Your answer should hold only the lines from the one containing "3月24日(火)、修了式を終" through the last line below, copied exactly; pictures stay out.

Entries shown:
★ ★ ★ ★ ★ ★ ★
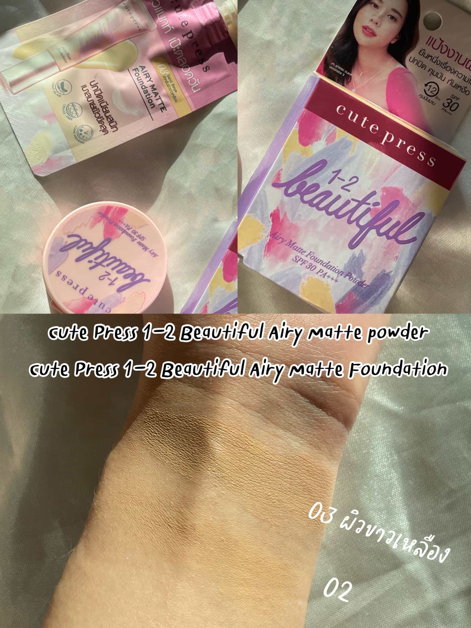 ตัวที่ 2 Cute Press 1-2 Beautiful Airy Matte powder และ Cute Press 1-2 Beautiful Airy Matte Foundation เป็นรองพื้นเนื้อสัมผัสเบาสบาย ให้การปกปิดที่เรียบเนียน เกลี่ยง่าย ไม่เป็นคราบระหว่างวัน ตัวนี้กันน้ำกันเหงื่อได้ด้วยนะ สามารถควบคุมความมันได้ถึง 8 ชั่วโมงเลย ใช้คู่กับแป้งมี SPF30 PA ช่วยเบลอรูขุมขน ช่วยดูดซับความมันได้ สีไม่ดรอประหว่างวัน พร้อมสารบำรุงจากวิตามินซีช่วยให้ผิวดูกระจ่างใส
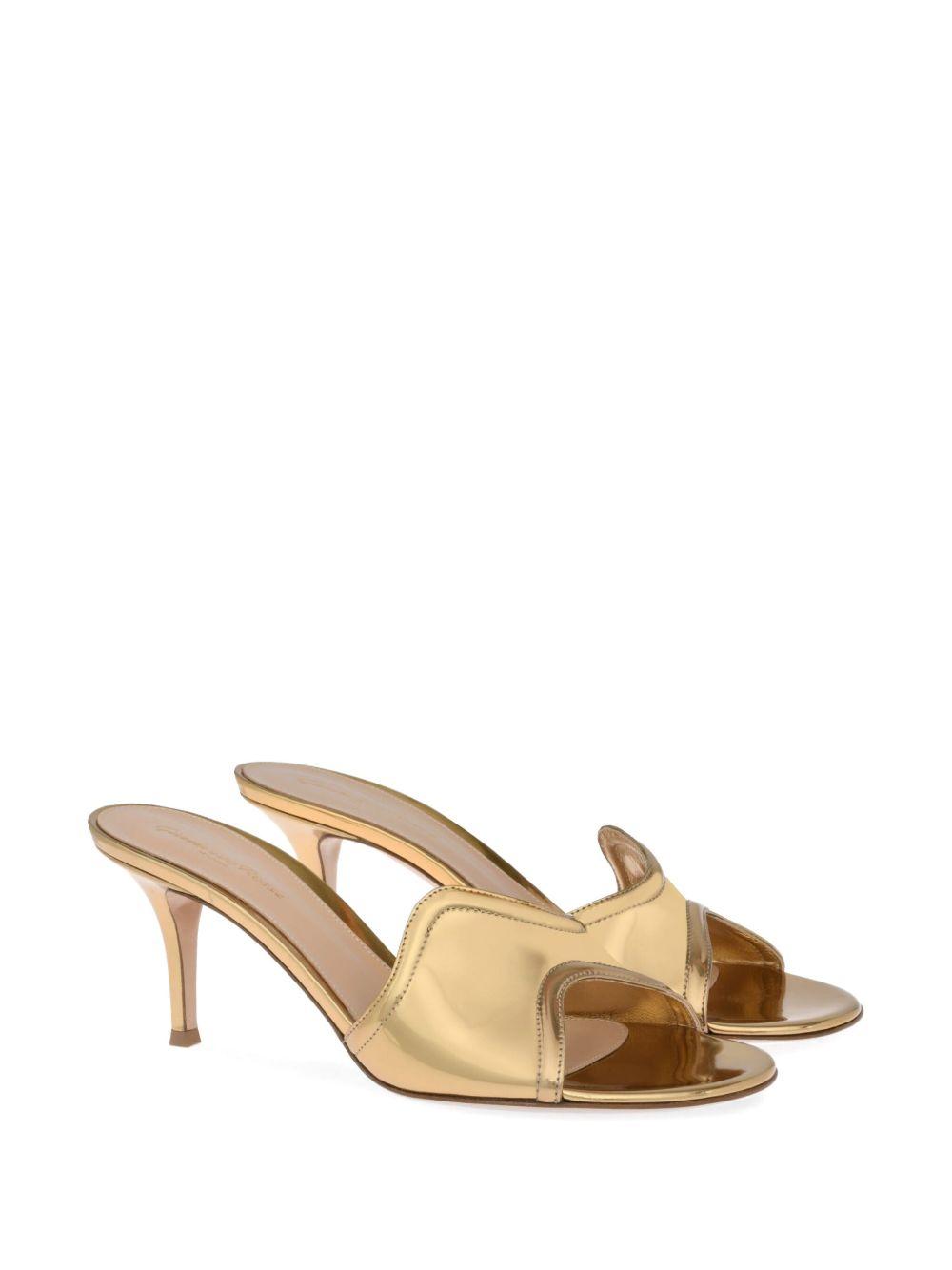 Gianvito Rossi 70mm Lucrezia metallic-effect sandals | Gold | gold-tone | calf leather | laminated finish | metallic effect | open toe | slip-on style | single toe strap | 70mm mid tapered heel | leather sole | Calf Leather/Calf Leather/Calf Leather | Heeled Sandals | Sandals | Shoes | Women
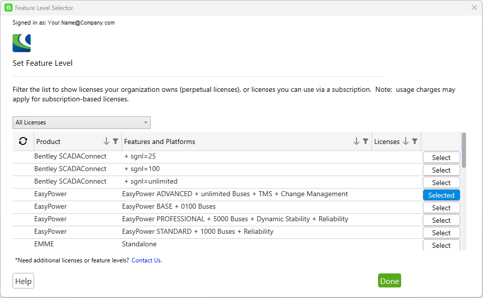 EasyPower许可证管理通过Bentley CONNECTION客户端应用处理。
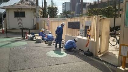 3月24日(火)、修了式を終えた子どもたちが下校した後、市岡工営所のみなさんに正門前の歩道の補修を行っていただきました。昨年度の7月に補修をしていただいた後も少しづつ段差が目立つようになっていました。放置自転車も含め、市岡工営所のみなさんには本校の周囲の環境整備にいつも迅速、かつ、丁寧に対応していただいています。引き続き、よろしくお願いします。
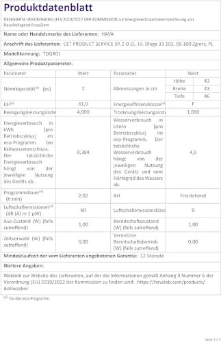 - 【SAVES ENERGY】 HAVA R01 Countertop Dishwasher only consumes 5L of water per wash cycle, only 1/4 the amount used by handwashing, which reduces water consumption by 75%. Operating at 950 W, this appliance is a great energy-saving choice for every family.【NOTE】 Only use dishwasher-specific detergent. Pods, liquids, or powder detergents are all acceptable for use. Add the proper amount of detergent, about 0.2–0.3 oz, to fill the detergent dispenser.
★ ★ ★ ★ ★ ★ ★
Solution:
 3月24日(火)、修了式を終えた子どもたちが下校した後、市岡工営所のみなさんに正門前の歩道の補修を行っていただきました。昨年度の7月に補修をしていただいた後も少しづつ段差が目立つようになっていました。放置自転車も含め、市岡工営所のみなさんには本校の周囲の環境整備にいつも迅速、かつ、丁寧に対応していただいています。引き続き、よろしくお願いします。
 - 【SAVES ENERGY】 HAVA R01 Countertop Dishwasher only consumes 5L of water per wash cycle, only 1/4 the amount used by handwashing, which reduces water consumption by 75%. Operating at 950 W, this appliance is a great energy-saving choice for every family.【NOTE】 Only use dishwasher-specific detergent. Pods, liquids, or powder detergents are all acceptable for use. Add the proper amount of detergent, about 0.2–0.3 oz, to fill the detergent dispenser.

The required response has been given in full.